咳さんがどこかですすめてたのを見て2018年に買った本です。 4年の熟成を経て、読んでみました。
原著は1990年発行なので、30年前の本です。 大学の教科書向けの本です。 教科書系の本によくあるように前半は理論というか概念の説明です。 なんでこういう構成なのか不思議でしたが、理論とか概念って30年経っても役立つ内容だからなんですね。 それとも(アンダース・エリクソンのいう)心的イメージを伝えようとしているのかもしれません。
並列のパラダイムを次の3つにわけて整理してます。
- 結果並列法(result parallelism)
- 専門家並列法(specialist parallelism)
- 手順並列法(agenda parallelism)
僕が今やりたいCPUバウンドな処理の並列化は1の結果並列法に入りそうです。 求める結果が分割できるので、結果を求める作業も分割した結果単位に分割して、並列化できます。
専門家並列法は、タスクの依存関係を整理して並列出来る処理を探す方法。 Conwayの法則 「organizations design systems that mirror their own communication structure.(組織は自らのコミュニケーション構造を反映したシステムを設計する)」っぽいなと思いました。 人を増やすだけでは並列数は増えなくて、組織にあったソフトウェアアーキテクチャにすると、実装タスクの並列数を増やせるのかな?とか考えました。
手順並列法は、並列に実行できる手順を定義する方法。 ActiveJobのジョブを実装する感じのようです。 分散データ構造が必要という話が出てきて、SidekiqでいうRedisのことだと理解しました。
書名の通り並列プログラムを作るときにどう考えて設計していけば良いのかが書かれてそうです。 30ページくらいしか読んでいません。

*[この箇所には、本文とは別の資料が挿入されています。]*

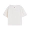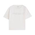 T-shirt Freddy da bambina a tinta unita in colorazione panna con scritta del brand posta sul davanti realizzata con brillantini in contrasto di colore. Modello girocollo, maniche corte e fondo con orlo dritto. Tessuto in misto Cotone.

例としてn-体問題が出てきます。 三体に三体問題としてでてくるやつです。
てか、n-体問題って「力学モデル(Force-directed graph drawing)アルゴリズム」なのでは? 正確にはちがって、力学モデルはノードを良い感じに散らばらすためのアルゴリズムです。 力学モデルは繰り返し計算が必要で1値に収束しないで振動します。 これを1値に定めようとするとやたら難しくなるのがn-体問題に似ているように思いました。